• Data block:

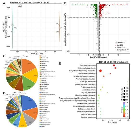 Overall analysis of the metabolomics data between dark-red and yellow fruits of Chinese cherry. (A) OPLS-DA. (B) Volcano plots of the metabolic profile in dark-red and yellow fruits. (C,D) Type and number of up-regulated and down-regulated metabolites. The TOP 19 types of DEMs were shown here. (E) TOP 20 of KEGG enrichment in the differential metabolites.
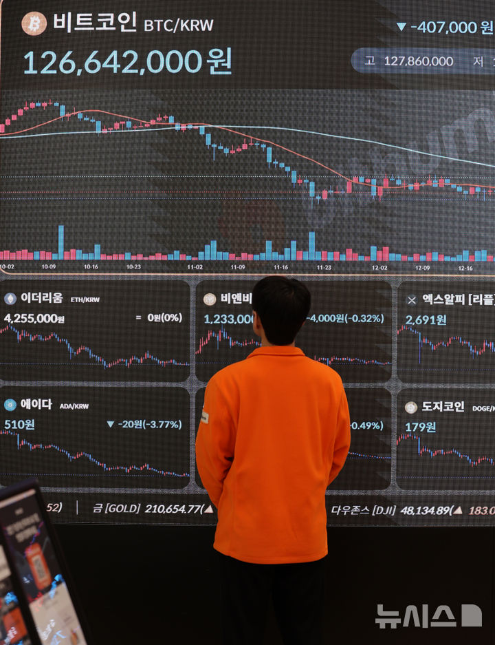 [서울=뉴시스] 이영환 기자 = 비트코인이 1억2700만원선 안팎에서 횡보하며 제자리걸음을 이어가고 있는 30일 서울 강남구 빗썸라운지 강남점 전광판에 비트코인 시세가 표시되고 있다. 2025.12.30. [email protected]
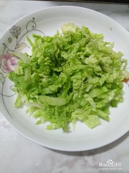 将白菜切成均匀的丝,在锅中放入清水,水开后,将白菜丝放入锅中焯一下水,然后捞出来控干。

• Prompt: Every line of the listing above is to be repeated exactly, with its pictures left out.

• Answer to this exercise:
 Overall analysis of the metabolomics data between dark-red and yellow fruits of Chinese cherry. (A) OPLS-DA. (B) Volcano plots of the metabolic profile in dark-red and yellow fruits. (C,D) Type and number of up-regulated and down-regulated metabolites. The TOP 19 types of DEMs were shown here. (E) TOP 20 of KEGG enrichment in the differential metabolites.
 [서울=뉴시스] 이영환 기자 = 비트코인이 1억2700만원선 안팎에서 횡보하며 제자리걸음을 이어가고 있는 30일 서울 강남구 빗썸라운지 강남점 전광판에 비트코인 시세가 표시되고 있다. 2025.12.30. [email protected]
 将白菜切成均匀的丝,在锅中放入清水,水开后,将白菜丝放入锅中焯一下水,然后捞出来控干。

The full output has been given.